[Dataset items]
● ● ●

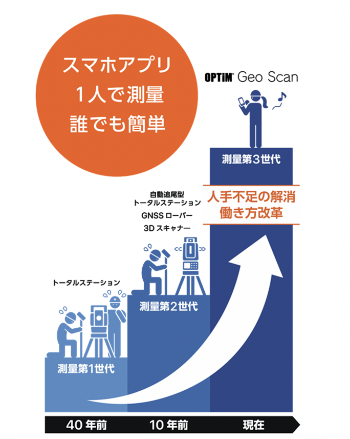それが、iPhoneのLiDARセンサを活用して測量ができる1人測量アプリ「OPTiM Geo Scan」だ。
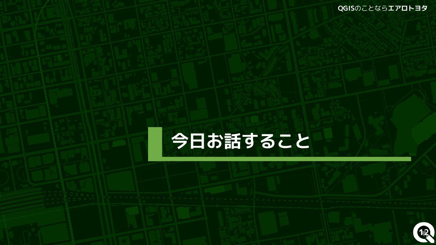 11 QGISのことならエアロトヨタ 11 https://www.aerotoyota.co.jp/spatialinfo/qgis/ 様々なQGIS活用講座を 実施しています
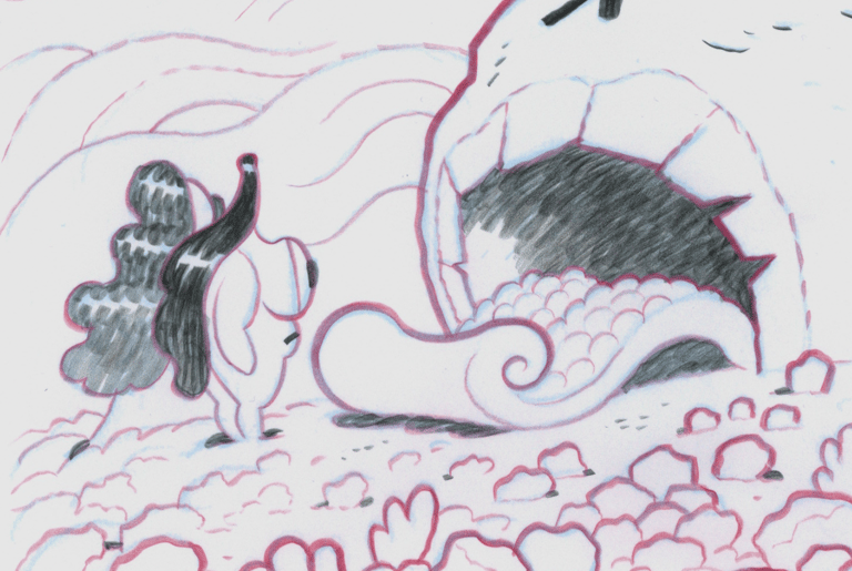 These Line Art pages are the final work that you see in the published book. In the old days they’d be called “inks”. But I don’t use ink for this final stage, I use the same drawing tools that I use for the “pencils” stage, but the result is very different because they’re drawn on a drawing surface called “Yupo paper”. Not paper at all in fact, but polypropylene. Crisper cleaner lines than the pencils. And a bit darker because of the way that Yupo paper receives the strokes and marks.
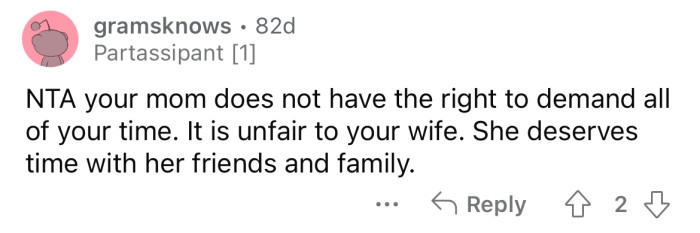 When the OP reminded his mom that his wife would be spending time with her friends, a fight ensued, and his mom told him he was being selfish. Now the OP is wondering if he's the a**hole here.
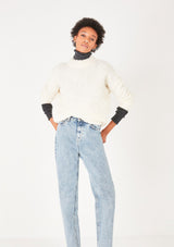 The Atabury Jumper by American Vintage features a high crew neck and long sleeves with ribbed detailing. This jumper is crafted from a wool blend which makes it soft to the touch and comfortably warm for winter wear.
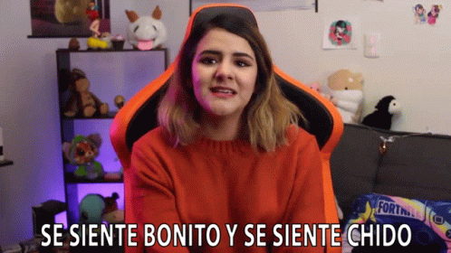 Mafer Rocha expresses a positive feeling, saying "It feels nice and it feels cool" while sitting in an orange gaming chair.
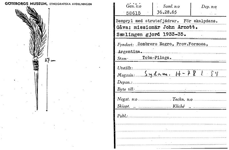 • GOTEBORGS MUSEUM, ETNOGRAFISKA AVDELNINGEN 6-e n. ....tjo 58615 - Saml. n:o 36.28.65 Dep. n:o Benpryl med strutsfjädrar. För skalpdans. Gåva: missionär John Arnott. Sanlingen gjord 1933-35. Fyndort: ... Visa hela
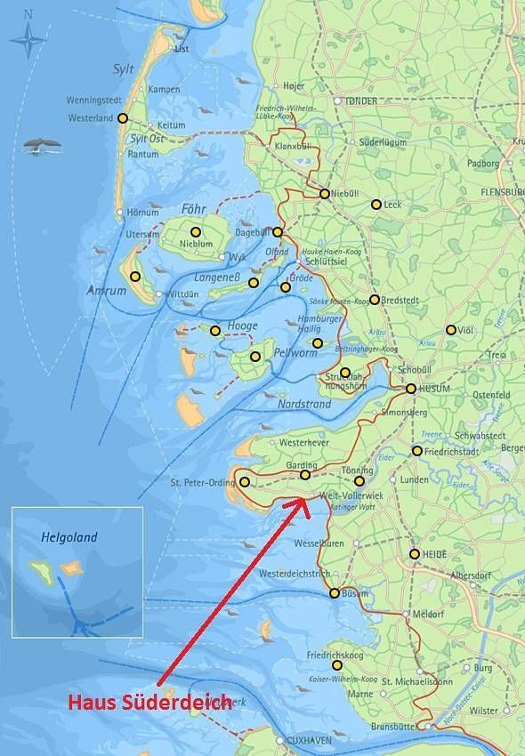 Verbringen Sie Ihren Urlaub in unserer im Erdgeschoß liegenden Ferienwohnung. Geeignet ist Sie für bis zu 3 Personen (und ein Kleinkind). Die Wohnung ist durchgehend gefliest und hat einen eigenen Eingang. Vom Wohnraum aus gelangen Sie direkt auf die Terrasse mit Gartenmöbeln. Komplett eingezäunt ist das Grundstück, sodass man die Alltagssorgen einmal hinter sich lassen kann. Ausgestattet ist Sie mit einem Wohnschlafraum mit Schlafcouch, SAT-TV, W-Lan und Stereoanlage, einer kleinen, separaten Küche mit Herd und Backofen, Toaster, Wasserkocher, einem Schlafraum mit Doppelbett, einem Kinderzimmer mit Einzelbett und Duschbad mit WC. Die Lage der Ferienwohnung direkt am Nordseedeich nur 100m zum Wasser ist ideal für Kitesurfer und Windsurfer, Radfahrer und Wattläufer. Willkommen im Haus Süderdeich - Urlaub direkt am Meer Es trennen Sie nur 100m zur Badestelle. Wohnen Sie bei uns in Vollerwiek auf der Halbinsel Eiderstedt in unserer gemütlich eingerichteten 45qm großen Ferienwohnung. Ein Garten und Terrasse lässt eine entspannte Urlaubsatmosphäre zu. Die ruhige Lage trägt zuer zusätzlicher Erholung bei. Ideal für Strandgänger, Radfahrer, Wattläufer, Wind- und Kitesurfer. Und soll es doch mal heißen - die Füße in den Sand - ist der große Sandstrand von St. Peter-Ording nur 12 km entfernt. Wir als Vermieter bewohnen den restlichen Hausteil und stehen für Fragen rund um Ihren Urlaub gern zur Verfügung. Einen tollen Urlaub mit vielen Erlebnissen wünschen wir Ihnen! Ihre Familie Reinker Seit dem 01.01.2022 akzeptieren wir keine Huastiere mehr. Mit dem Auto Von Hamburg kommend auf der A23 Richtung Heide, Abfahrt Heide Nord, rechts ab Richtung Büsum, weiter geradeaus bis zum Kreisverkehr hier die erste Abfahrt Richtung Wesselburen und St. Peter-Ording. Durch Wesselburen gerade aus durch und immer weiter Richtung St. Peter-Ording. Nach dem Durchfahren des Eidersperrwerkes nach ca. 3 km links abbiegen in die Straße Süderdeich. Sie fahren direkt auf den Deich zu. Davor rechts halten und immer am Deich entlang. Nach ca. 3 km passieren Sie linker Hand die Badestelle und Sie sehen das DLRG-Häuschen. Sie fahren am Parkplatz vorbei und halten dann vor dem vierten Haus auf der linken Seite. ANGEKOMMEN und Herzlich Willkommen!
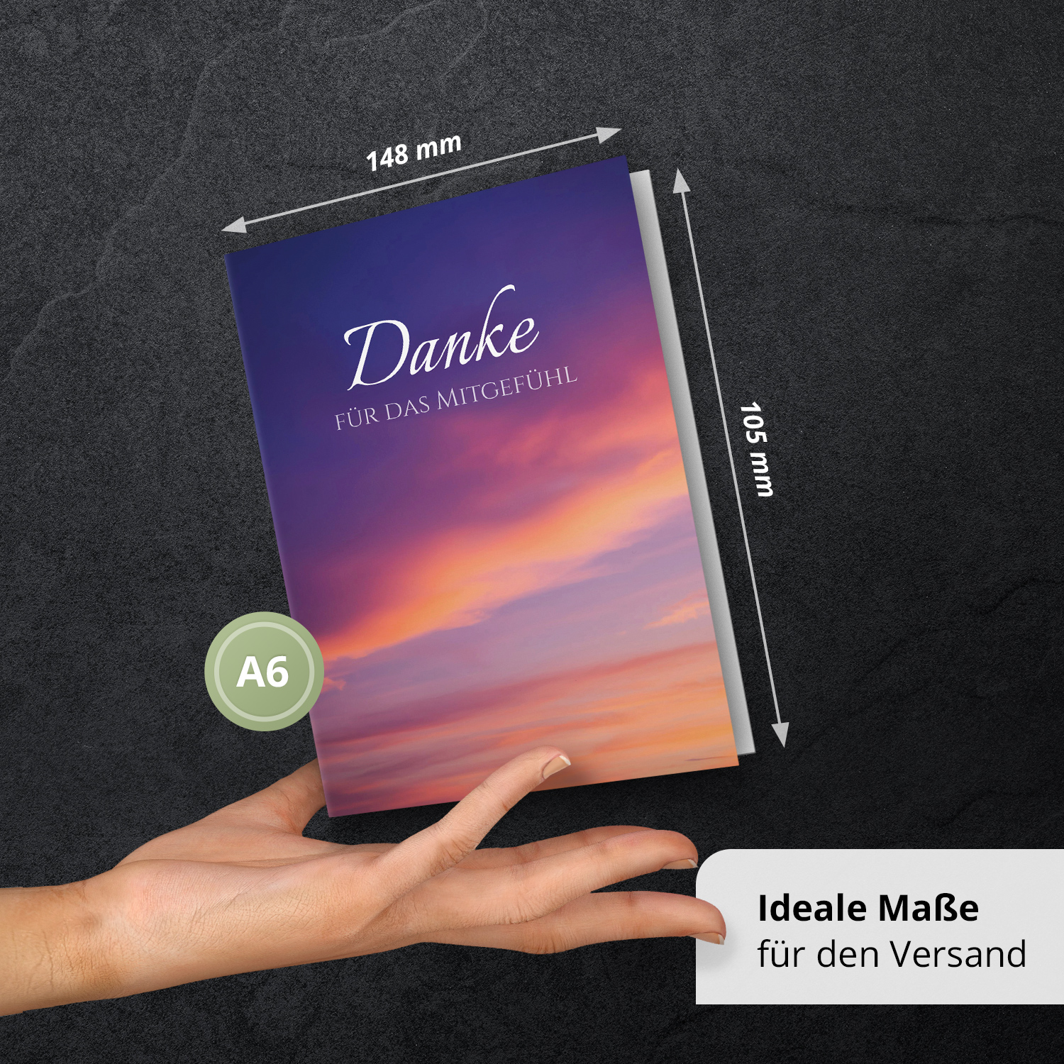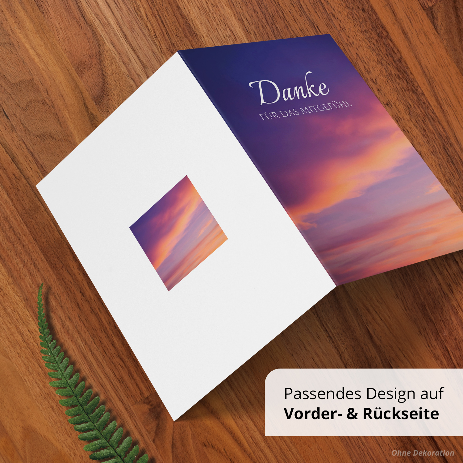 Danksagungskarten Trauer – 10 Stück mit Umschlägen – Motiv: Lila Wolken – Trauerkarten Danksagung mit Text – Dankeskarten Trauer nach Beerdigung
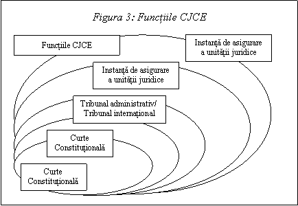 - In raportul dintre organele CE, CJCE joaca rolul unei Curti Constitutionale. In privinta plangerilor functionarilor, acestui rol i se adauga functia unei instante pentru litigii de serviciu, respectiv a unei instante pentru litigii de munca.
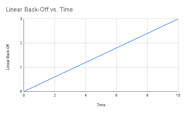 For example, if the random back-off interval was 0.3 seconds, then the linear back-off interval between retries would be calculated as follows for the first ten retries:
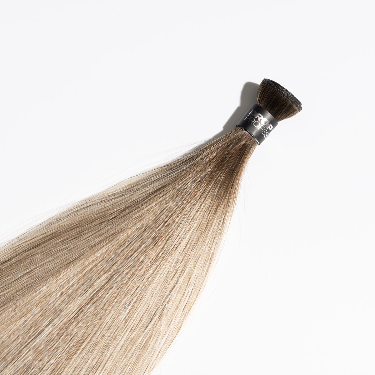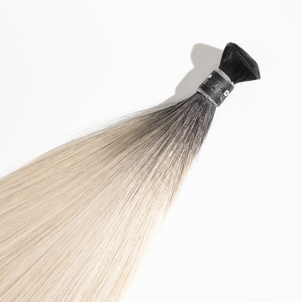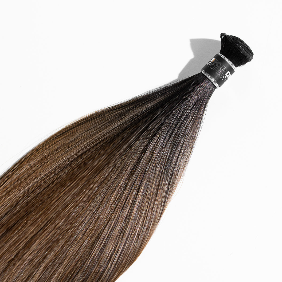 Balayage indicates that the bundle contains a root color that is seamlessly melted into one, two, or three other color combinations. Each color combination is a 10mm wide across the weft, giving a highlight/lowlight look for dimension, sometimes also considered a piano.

● ● ●

Your reply must match the data above line for line, except that it holds no pictures.

→ SOLUTION TO THE PROBLEM
それが、iPhoneのLiDARセンサを活用して測量ができる1人測量アプリ「OPTiM Geo Scan」だ。
 11 QGISのことならエアロトヨタ 11 https://www.aerotoyota.co.jp/spatialinfo/qgis/ 様々なQGIS活用講座を 実施しています
 These Line Art pages are the final work that you see in the published book. In the old days they’d be called “inks”. But I don’t use ink for this final stage, I use the same drawing tools that I use for the “pencils” stage, but the result is very different because they’re drawn on a drawing surface called “Yupo paper”. Not paper at all in fact, but polypropylene. Crisper cleaner lines than the pencils. And a bit darker because of the way that Yupo paper receives the strokes and marks.
 When the OP reminded his mom that his wife would be spending time with her friends, a fight ensued, and his mom told him he was being selfish. Now the OP is wondering if he's the a**hole here.
 The Atabury Jumper by American Vintage features a high crew neck and long sleeves with ribbed detailing. This jumper is crafted from a wool blend which makes it soft to the touch and comfortably warm for winter wear.
 Mafer Rocha expresses a positive feeling, saying "It feels nice and it feels cool" while sitting in an orange gaming chair.
 • GOTEBORGS MUSEUM, ETNOGRAFISKA AVDELNINGEN 6-e n. ....tjo 58615 - Saml. n:o 36.28.65 Dep. n:o Benpryl med strutsfjädrar. För skalpdans. Gåva: missionär John Arnott. Sanlingen gjord 1933-35. Fyndort: ... Visa hela
 Verbringen Sie Ihren Urlaub in unserer im Erdgeschoß liegenden Ferienwohnung. Geeignet ist Sie für bis zu 3 Personen (und ein Kleinkind). Die Wohnung ist durchgehend gefliest und hat einen eigenen Eingang. Vom Wohnraum aus gelangen Sie direkt auf die Terrasse mit Gartenmöbeln. Komplett eingezäunt ist das Grundstück, sodass man die Alltagssorgen einmal hinter sich lassen kann. Ausgestattet ist Sie mit einem Wohnschlafraum mit Schlafcouch, SAT-TV, W-Lan und Stereoanlage, einer kleinen, separaten Küche mit Herd und Backofen, Toaster, Wasserkocher, einem Schlafraum mit Doppelbett, einem Kinderzimmer mit Einzelbett und Duschbad mit WC. Die Lage der Ferienwohnung direkt am Nordseedeich nur 100m zum Wasser ist ideal für Kitesurfer und Windsurfer, Radfahrer und Wattläufer. Willkommen im Haus Süderdeich - Urlaub direkt am Meer Es trennen Sie nur 100m zur Badestelle. Wohnen Sie bei uns in Vollerwiek auf der Halbinsel Eiderstedt in unserer gemütlich eingerichteten 45qm großen Ferienwohnung. Ein Garten und Terrasse lässt eine entspannte Urlaubsatmosphäre zu. Die ruhige Lage trägt zuer zusätzlicher Erholung bei. Ideal für Strandgänger, Radfahrer, Wattläufer, Wind- und Kitesurfer. Und soll es doch mal heißen - die Füße in den Sand - ist der große Sandstrand von St. Peter-Ording nur 12 km entfernt. Wir als Vermieter bewohnen den restlichen Hausteil und stehen für Fragen rund um Ihren Urlaub gern zur Verfügung. Einen tollen Urlaub mit vielen Erlebnissen wünschen wir Ihnen! Ihre Familie Reinker Seit dem 01.01.2022 akzeptieren wir keine Huastiere mehr. Mit dem Auto Von Hamburg kommend auf der A23 Richtung Heide, Abfahrt Heide Nord, rechts ab Richtung Büsum, weiter geradeaus bis zum Kreisverkehr hier die erste Abfahrt Richtung Wesselburen und St. Peter-Ording. Durch Wesselburen gerade aus durch und immer weiter Richtung St. Peter-Ording. Nach dem Durchfahren des Eidersperrwerkes nach ca. 3 km links abbiegen in die Straße Süderdeich. Sie fahren direkt auf den Deich zu. Davor rechts halten und immer am Deich entlang. Nach ca. 3 km passieren Sie linker Hand die Badestelle und Sie sehen das DLRG-Häuschen. Sie fahren am Parkplatz vorbei und halten dann vor dem vierten Haus auf der linken Seite. ANGEKOMMEN und Herzlich Willkommen!
 Danksagungskarten Trauer – 10 Stück mit Umschlägen – Motiv: Lila Wolken – Trauerkarten Danksagung mit Text – Dankeskarten Trauer nach Beerdigung
 - In raportul dintre organele CE, CJCE joaca rolul unei Curti Constitutionale. In privinta plangerilor functionarilor, acestui rol i se adauga functia unei instante pentru litigii de serviciu, respectiv a unei instante pentru litigii de munca.
 For example, if the random back-off interval was 0.3 seconds, then the linear back-off interval between retries would be calculated as follows for the first ten retries:
 Balayage indicates that the bundle contains a root color that is seamlessly melted into one, two, or three other color combinations. Each color combination is a 10mm wide across the weft, giving a highlight/lowlight look for dimension, sometimes also considered a piano.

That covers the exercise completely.